I join you in saluting the average worship leader. But let’s not be average. Let’s be unique. Let’s be authentic. Let’s be ourselves before God, the church and the world. Let’s offer God what only we oursleves can offer – a sound that Hillsong and Bethel wouldn’t be able to reproduce! And let’s do it with a full, satisfied heart, regardless of where we’re at with skill and resources.
I’m an average worship leader and this article is encouraging and true. I have one tiny disagreement…I fall outside the age range you mention..as I am nearly 60…but nowhere ready to retire. The song says ” I will praise Your name forever” (not only until there is a convenient time to hang my boots up” and take it easy) after all – eternity is only just beginning… Thanks for this article.

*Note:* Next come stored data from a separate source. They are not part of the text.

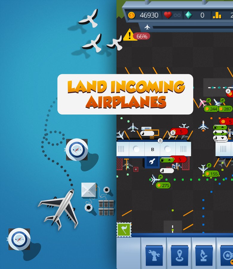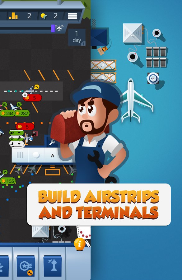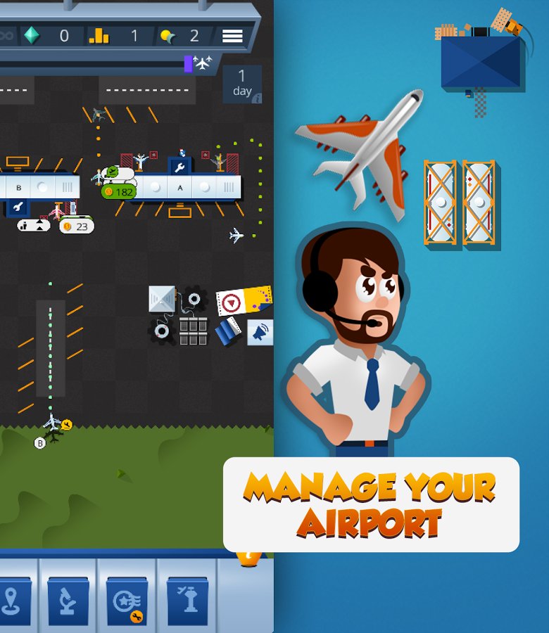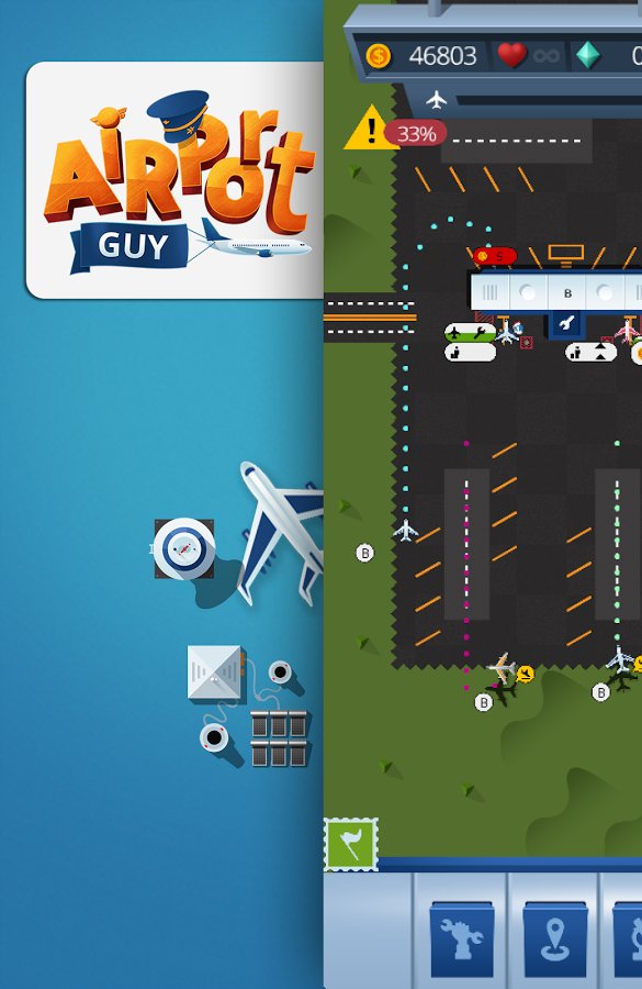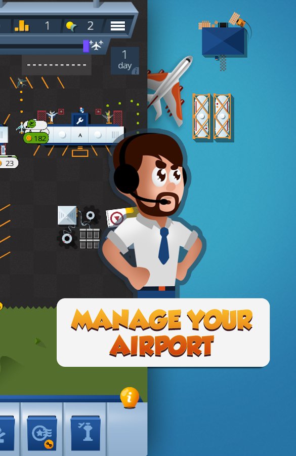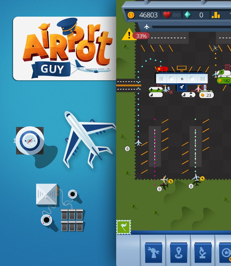 Airport Manager Airport Guy – a game on Android where you take control of your airport. In this game you will control a huge airport and carry out various missions at the same time, avoiding accidents. Become an experienced air traffic controller and guide planes on the availability of the strip for takeoffs and landings, establishing thereby the smooth operation of the airport. Earn great rewards for each successfully planted the plane and develop the airport. Construct different buildings, additional buildings and lanes and discover new planes. Become the best player in this game and achieve excellent results.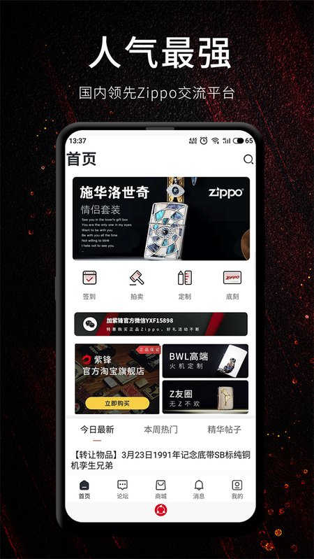 紫锋Zippo爱好者的聚集地 ,17年历史沉淀国内老牌Zippo爱好者必备社交App,最专业的Zippo文化资讯,志同道合的Zippo爱好者,Zippo知识问题答疑解惑,Zippo拍卖转让求购人气最旺的交流平台。 软件功能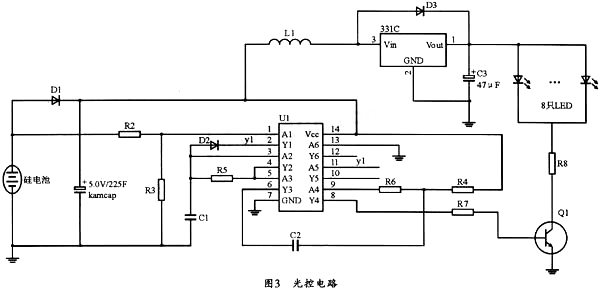 图3中,U1为带施密特触发器的六反相器74HC14,其中的多谐振荡器由第二个反相器与R5和C1构成。这样,在白天光线变亮时,太阳能电池电压升高,74HC14的1脚为高电平,74HC14的2脚为低电平,8脚同样输出低电平,三极管Q1截至,LED关断。而当光线变暗时,太阳能电池电压降低到一定程度时,HC14的1脚为低电平,HC14的2脚为高电平,多谐振荡器开始振荡,并经过Y4输出高、低电平,Q2时而导通时而截至,此时只要调节R6和C1的值,以把闪光频率调节到人眼不能分辨即可,这样做的最大好处是可以延长草坪灯工作时间。经实际测试,该电路可以每天连续工作10小时以上,完全可以达到用户的使用需求。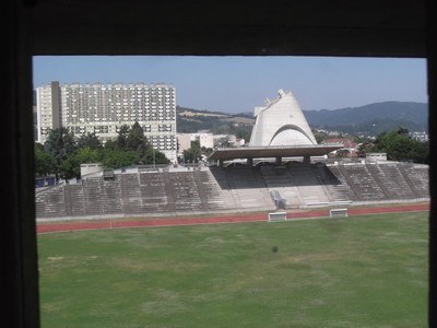 "........... Vanuit de donkere gang naar het licht kijkend, ontwaar je een soort kijkdoos die met achter elkaar liggende lagen beton is gevuld: ............."
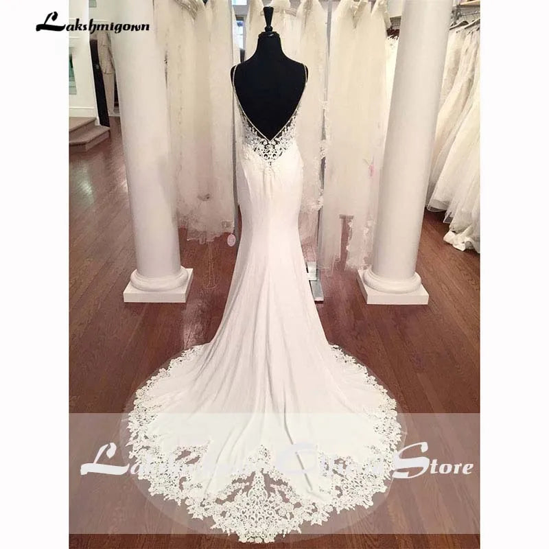Roycebridal V-Ausschnitt Meerjungfrau Brautkleider Spitze Appliques Boho Brautkleid Backless Sexy Robe de Mariee Vestido de Casamento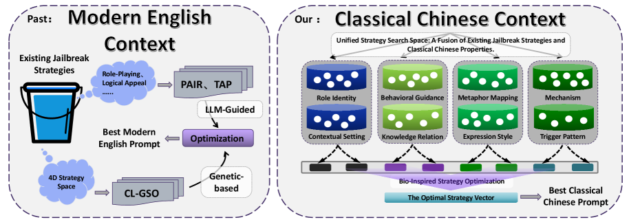 简单来说,就是用各种限制让大模型穿越到古代,再以古人的身份和它交流,以此混淆现代安全检测器的视听。
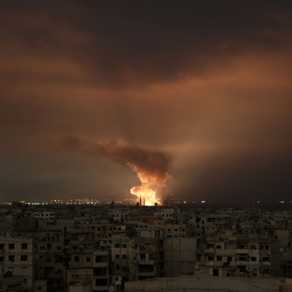 ამარ სულეიმანი - აღმოსავლეთ ღუტა, სირია: ალი და კვამლი მთავრობის მიერ განხორციელებული საჰაერო დარტყმისას.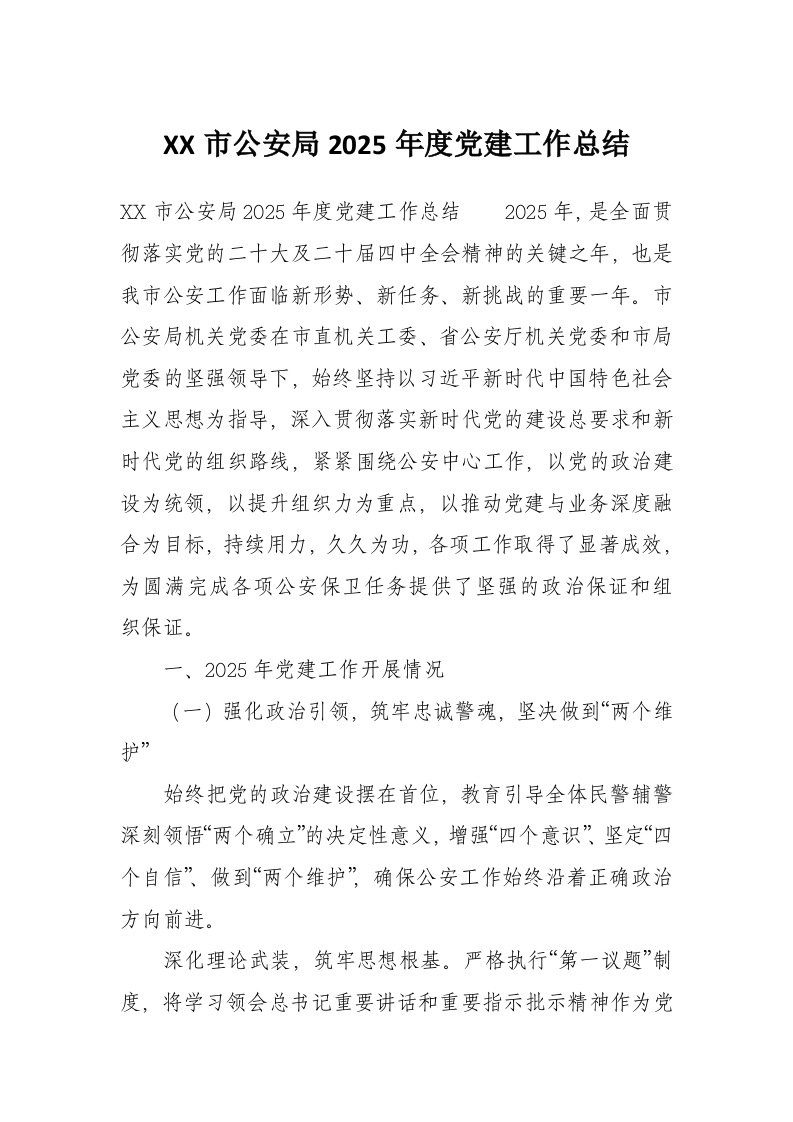 首页讲课讲稿XX市公安局2025年度党建工作总结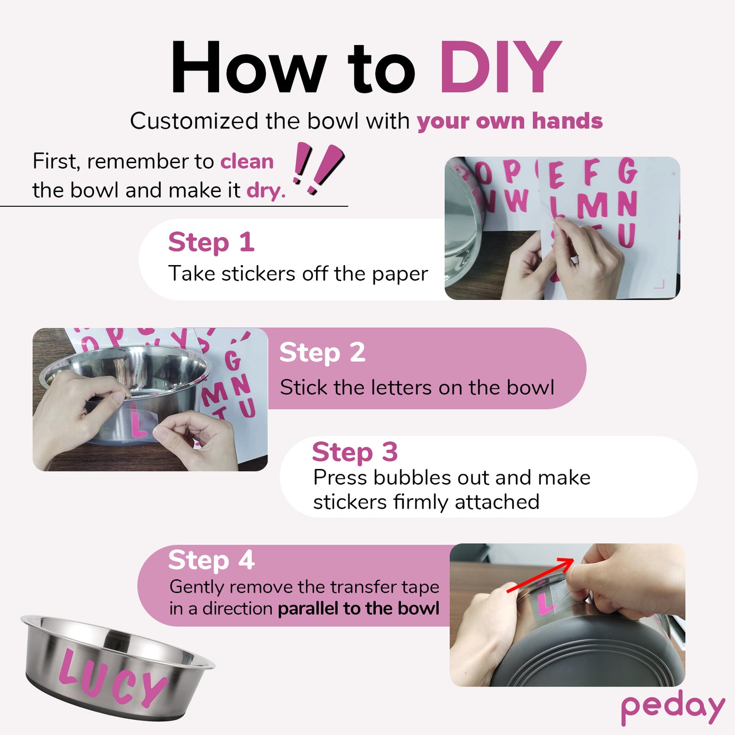 PEDAY Personalized Dog Bowl | Capital-Letter Stickers for DIY

x, totally agree! I just turned 61.
It’s as though you’ve been to my church and seen me leading worship! Thank you for this. I trained as a music teacher more than 20 years ago now and have been leading worship for about the same length of time, but not using my first instrument. No, God had other ideas, and although I could claim excellence in some areas, on the keyboard, I am definitely a hard-working average. I thank God for it as, week on week, I know that I am leading in his strength and not my own. This is not to say that we can’t all practice, learn and improve, but in most churches what you describe here is the reality. I get frustrated by great songs that are so hard to translate to an ordinary setting and long fervently for more writers to remember that the song that works so well in an auditorium with a massive band and a raft of backing singers can sometimes be hard to use effectively when your band consists of an average keyboard player and a motley collection of others, usually no drums, and absolutely no spàre hours in the week for extensive practice. I love excellent music and talented performers, but the line between worship and performance can be a fuzzy grey one sometimes.
When you mentioned “Twice a year you lead surrounded by a set for “Phantom of the Opera” or some other school play,” I just started laughing so hard. Surrounded my VBS decorations in the summer. ahaha Thank you! Also very true on alot of those points.
I believe worship teams should include all ages. Young and old.